Finding the spirit of L-World
Brian Goetz
brian.goetz at oracle.com
Wed Jan 23 17:51:58 UTC 2019
> The key questions are around the mental model of what we're trying to accomplish and how to make it easy (easier?) for users to migrate to use value types or handle when their pre-value code is passed a valuetype. There's a cost for some group of users regardless of how we address each of these issues. Who pays these costs? Those migrating to use the new value types functionality? Those needing to address the performance costs of migrating to a values capable runtime (JDK-N?).
Indeed, this is the question. And, full disclosure, my thoughts have evolved since we started this exercise.
We initially started with the idea that value types were this thing “off to the side” — a special category of classes that only experts would ever use, and so it was OK if they had sharp edges. But this is the sort of wishful thinking one engages in when you are trying to do something that seems impossible; you bargain with the problem.

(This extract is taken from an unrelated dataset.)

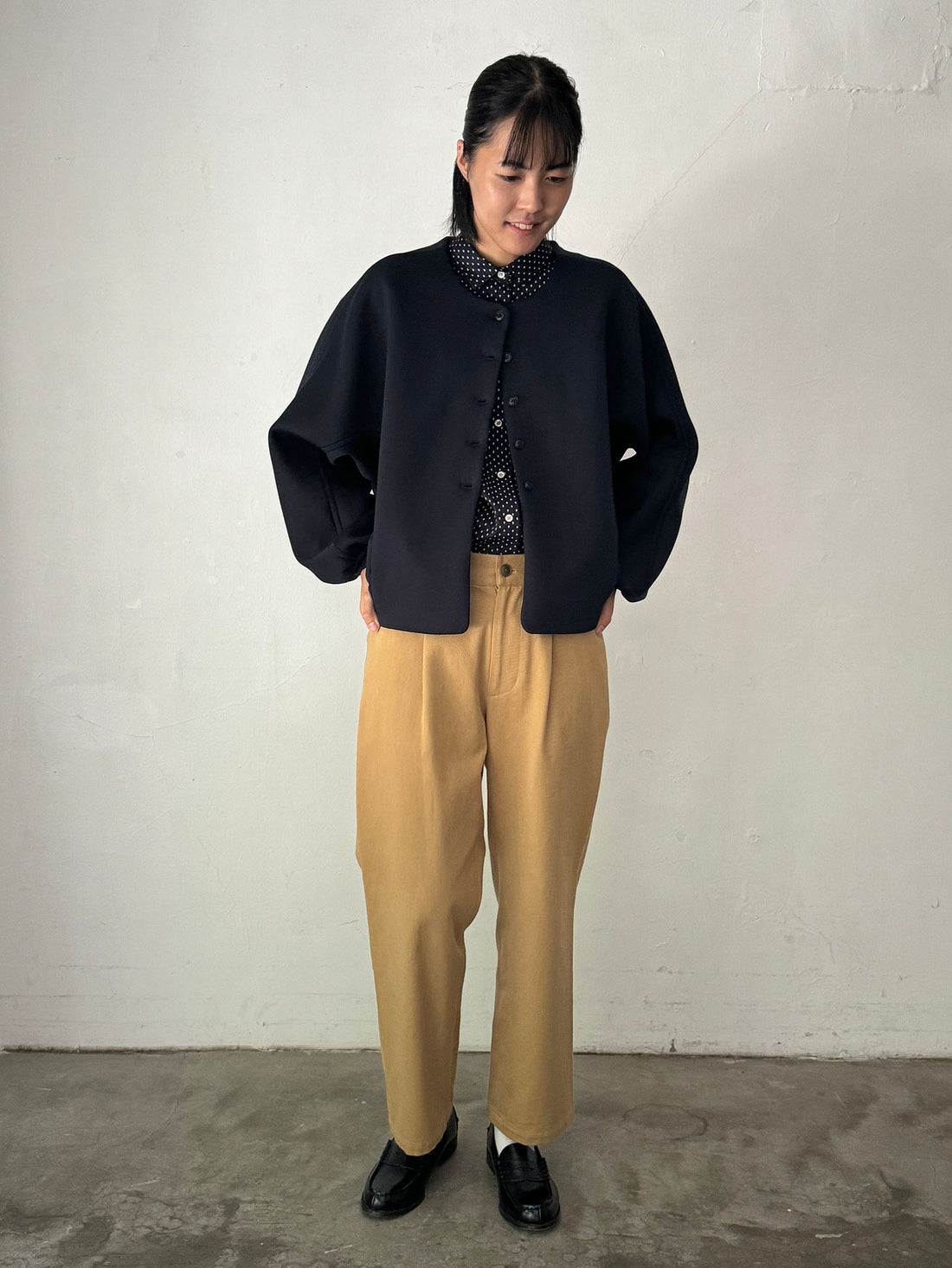 紺ブレを合わせてオフィスカジュアルにも対応できるキレイめコーデに。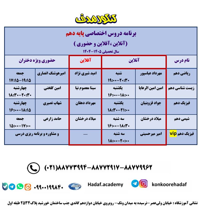 دهم آنلاین و آفلاین وحضوری دختران

When we did generics, there was a pervasive believe that the complexity of generics could be contained to where only experts would have to deal with it, and the rest of us could happily use our strongly typed collections without having to understand wildcards and such. This turned out to be pure wishful thinking; generics are part of the language, and in order to be an effective Java programmer, you have to understand them. (And this only gets more true; the typing of lambdas builds on generics.)
The first experiments (Q world) were along the lines of value types being off to the side. While it was possible to build the VM that way, we ran into problem after another as we tried to use them in Java code. Value types would be useless if you can’t put them in an ArrayList or HashMap, so we were going to have migrate our existing libraries to be value-aware. And with the myriad distinctions between values and objects (different top types, different bytecodes, different type signatures), it was a migration nightmare.

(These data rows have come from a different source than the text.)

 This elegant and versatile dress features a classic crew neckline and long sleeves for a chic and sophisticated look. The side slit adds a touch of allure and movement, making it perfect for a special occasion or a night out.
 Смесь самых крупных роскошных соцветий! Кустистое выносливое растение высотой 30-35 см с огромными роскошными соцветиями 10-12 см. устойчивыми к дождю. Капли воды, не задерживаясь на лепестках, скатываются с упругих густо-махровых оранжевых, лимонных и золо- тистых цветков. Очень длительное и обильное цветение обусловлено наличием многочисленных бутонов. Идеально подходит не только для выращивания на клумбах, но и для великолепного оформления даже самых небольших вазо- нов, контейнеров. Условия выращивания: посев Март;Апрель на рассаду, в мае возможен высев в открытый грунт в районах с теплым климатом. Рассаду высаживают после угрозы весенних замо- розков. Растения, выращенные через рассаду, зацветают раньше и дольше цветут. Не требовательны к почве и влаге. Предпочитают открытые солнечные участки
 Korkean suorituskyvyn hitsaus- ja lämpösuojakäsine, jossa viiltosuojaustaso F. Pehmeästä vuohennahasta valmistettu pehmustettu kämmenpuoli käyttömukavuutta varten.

In the early EG meetings, Kevin frequently stood up and said things like “it’s bad enough that we have a type system split in two; are you really trying to sell me one split in three? You can’t do that to the users.” (Thank you, Kevin.)
The problems of Q-world were in a sense the problems of erased generics — we were trying to minimize the disruption to the VM (a worthy goal), but the cost was that sharp edges were exposed to the users in ways they couldn’t avoid. And the solution of L World is: push more of it into the VM. (Obviously there’s a balance to be struck here.) And I believe that we are finally close to a substrate on which we can build a strong, stable tower, where we can compatibly migrate our existing billions of lines of code with minimal intrusion. So this is encouraging.
The vision of being able to “flatten all the way down”, and having values interact cleanly with all the other language features is hard to argue against. But as you say, the question is, who pays.
> One concern writ large across our response is performance. I know we're looking at user model here but performance is part of that model. Java has a well understood performance model for array access, == (acmp), and it would be unfortunate if we damaged that model significantly when introducing value types.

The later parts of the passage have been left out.